■ **What you have to do**
The line containing "No ordinary ballista, an" marks the end; write out exactly every line from the start of the data up to and including it, without the pictures.

____________

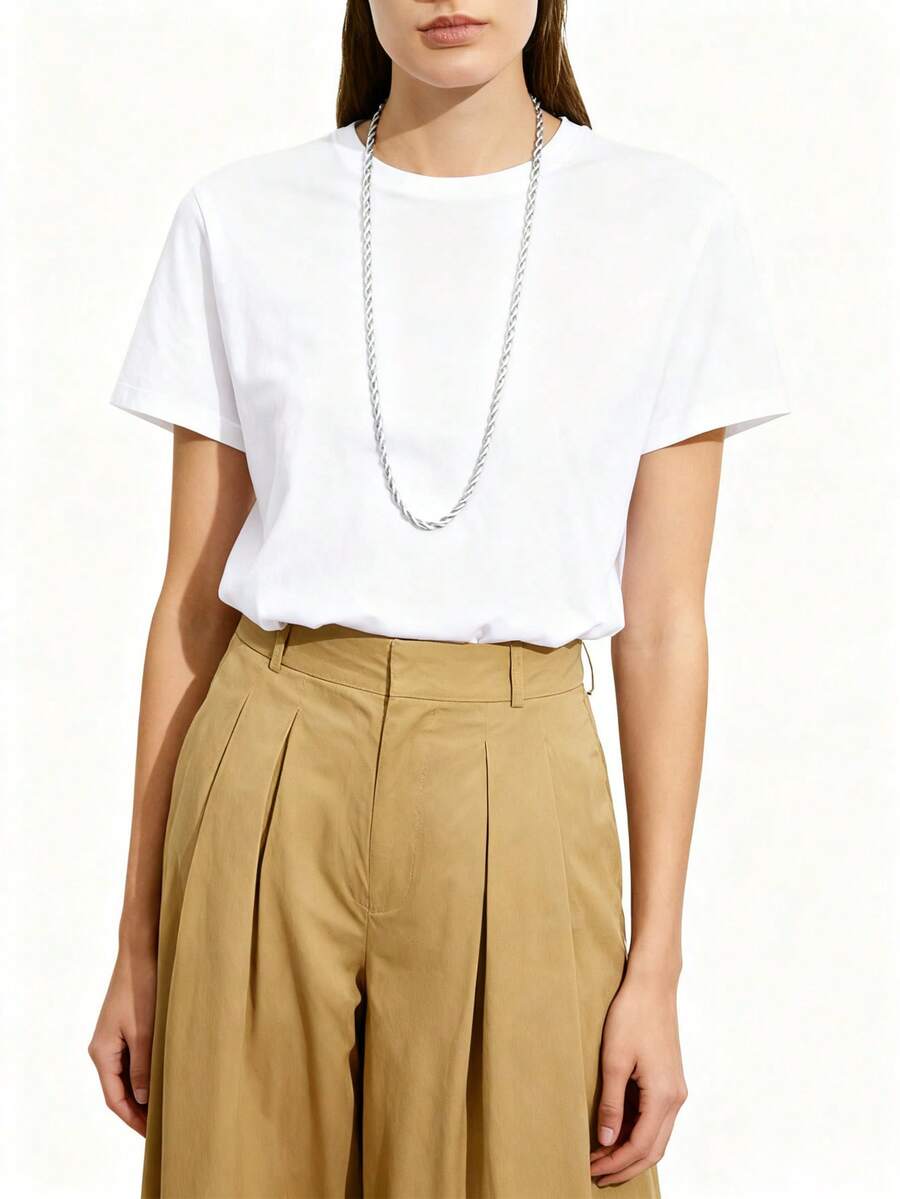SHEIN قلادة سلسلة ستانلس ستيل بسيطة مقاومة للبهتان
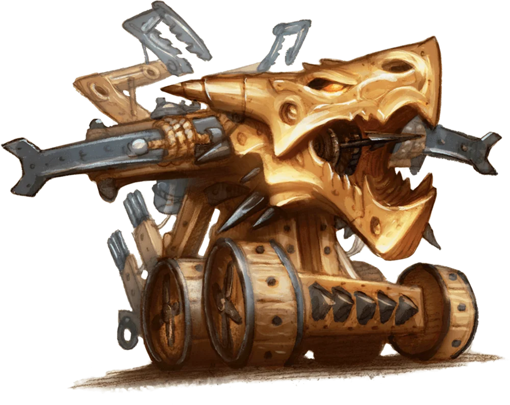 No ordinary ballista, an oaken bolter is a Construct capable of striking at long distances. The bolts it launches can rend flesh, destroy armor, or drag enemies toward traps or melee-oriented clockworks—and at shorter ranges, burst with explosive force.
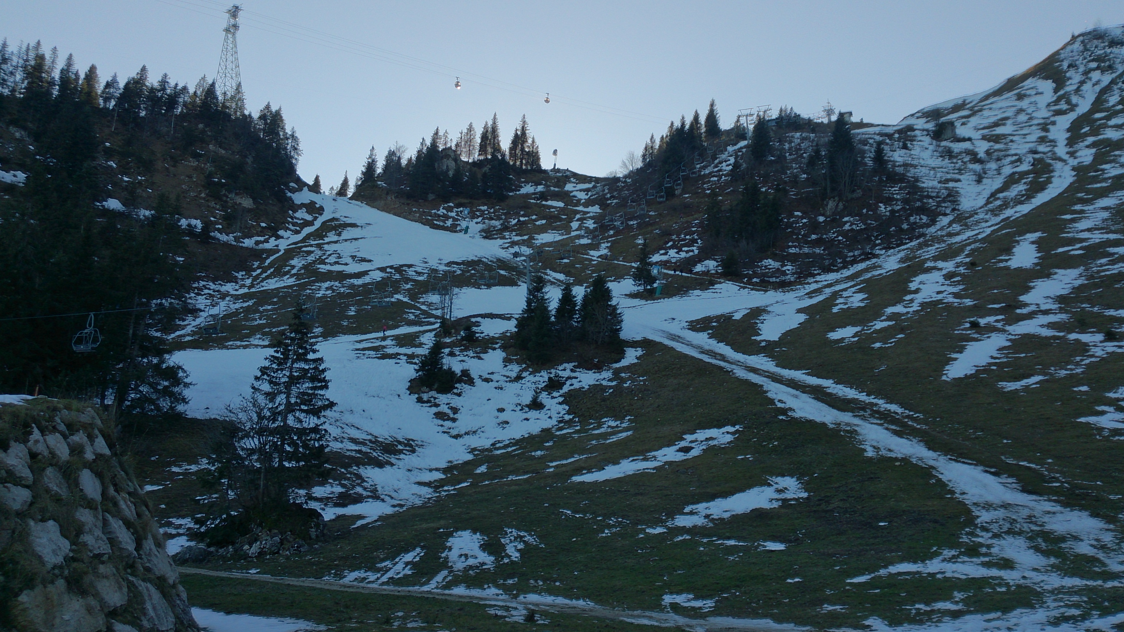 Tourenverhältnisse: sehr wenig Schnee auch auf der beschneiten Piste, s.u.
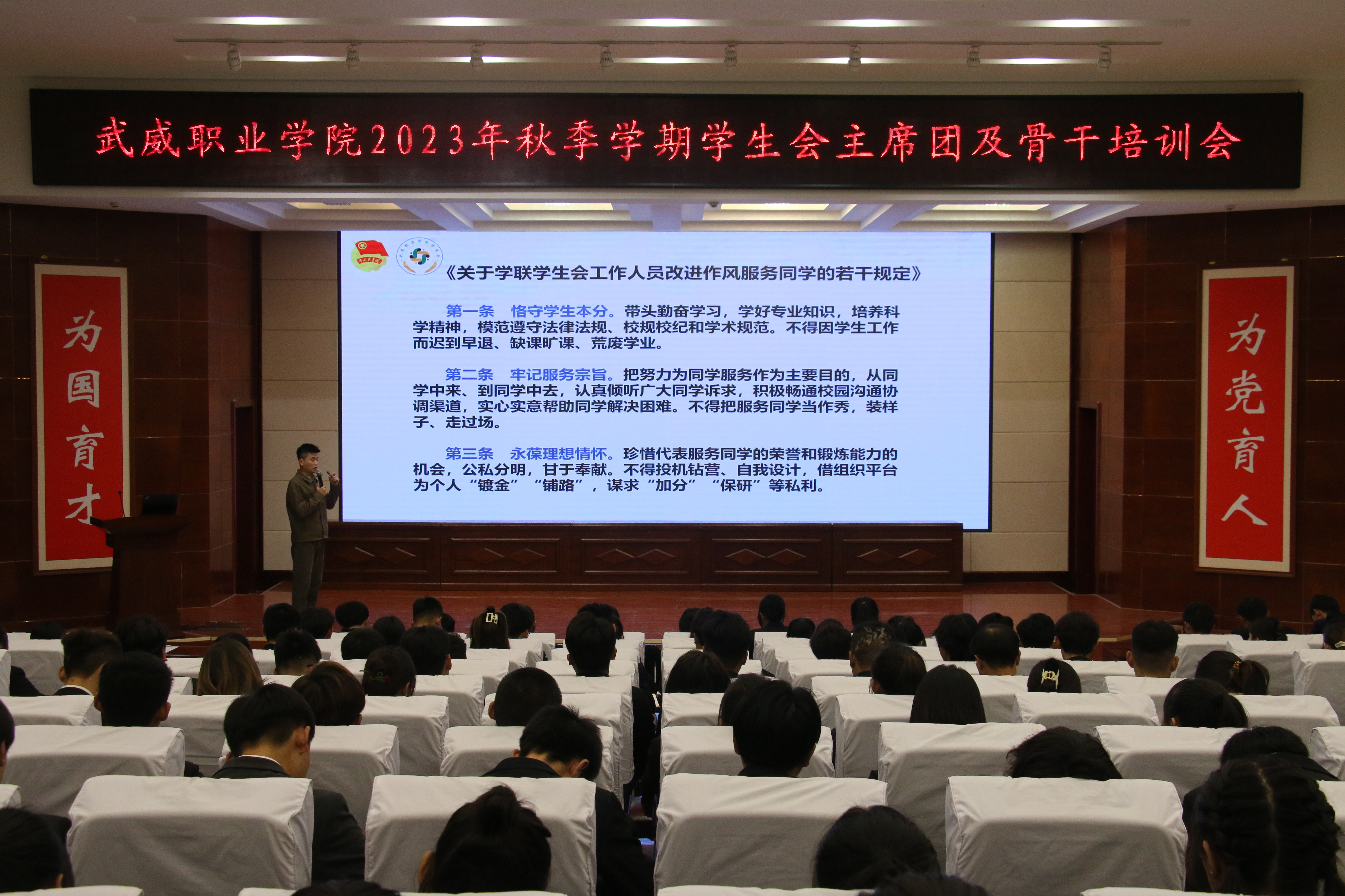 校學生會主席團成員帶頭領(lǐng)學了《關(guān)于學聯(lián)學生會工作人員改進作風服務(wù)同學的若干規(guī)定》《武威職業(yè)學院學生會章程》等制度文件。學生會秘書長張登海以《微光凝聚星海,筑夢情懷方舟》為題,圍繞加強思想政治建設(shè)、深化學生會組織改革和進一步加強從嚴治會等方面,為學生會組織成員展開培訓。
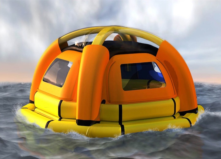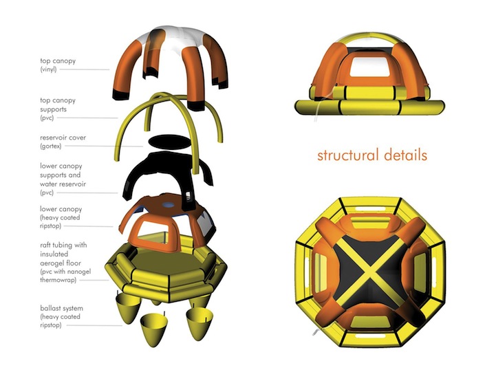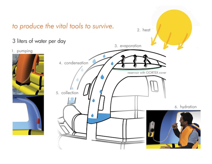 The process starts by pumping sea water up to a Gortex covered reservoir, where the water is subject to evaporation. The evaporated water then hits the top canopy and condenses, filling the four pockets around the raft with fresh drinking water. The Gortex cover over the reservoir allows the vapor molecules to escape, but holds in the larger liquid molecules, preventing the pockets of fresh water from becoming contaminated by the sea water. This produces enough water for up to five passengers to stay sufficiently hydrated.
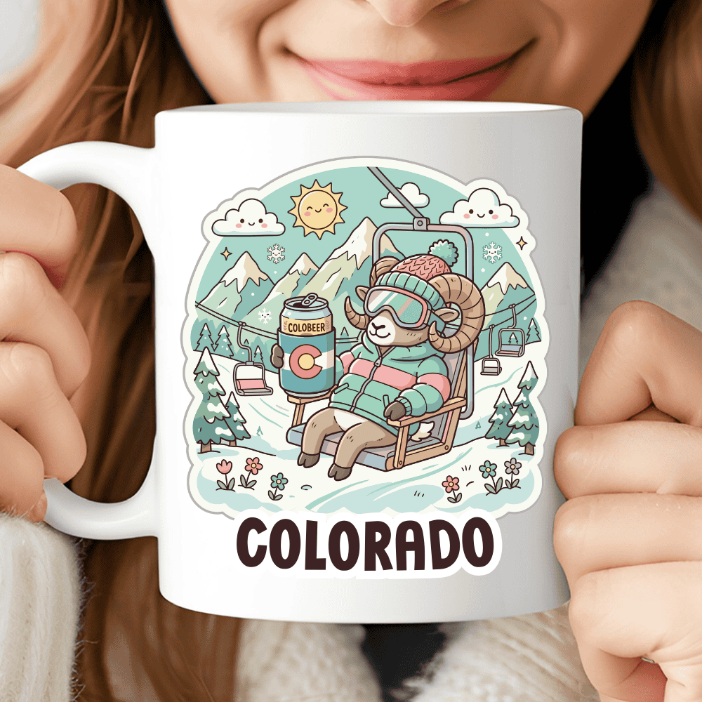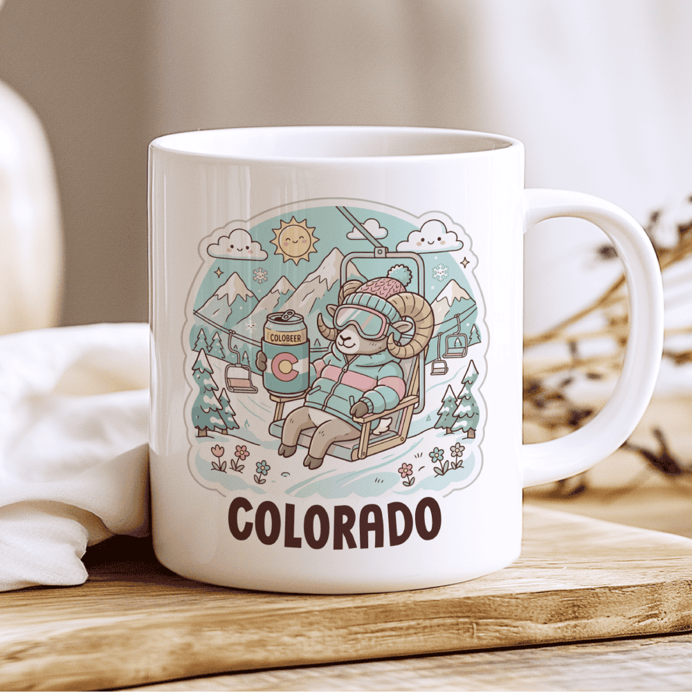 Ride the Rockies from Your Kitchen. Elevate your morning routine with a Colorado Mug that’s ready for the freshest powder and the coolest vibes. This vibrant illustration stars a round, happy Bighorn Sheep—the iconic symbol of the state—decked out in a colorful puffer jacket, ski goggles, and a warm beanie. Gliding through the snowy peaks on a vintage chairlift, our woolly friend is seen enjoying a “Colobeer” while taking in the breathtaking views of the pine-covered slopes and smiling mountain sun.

____________

■ **Answer to this problem**
SHEIN قلادة سلسلة ستانلس ستيل بسيطة مقاومة للبهتان
 No ordinary ballista, an oaken bolter is a Construct capable of striking at long distances. The bolts it launches can rend flesh, destroy armor, or drag enemies toward traps or melee-oriented clockworks—and at shorter ranges, burst with explosive force.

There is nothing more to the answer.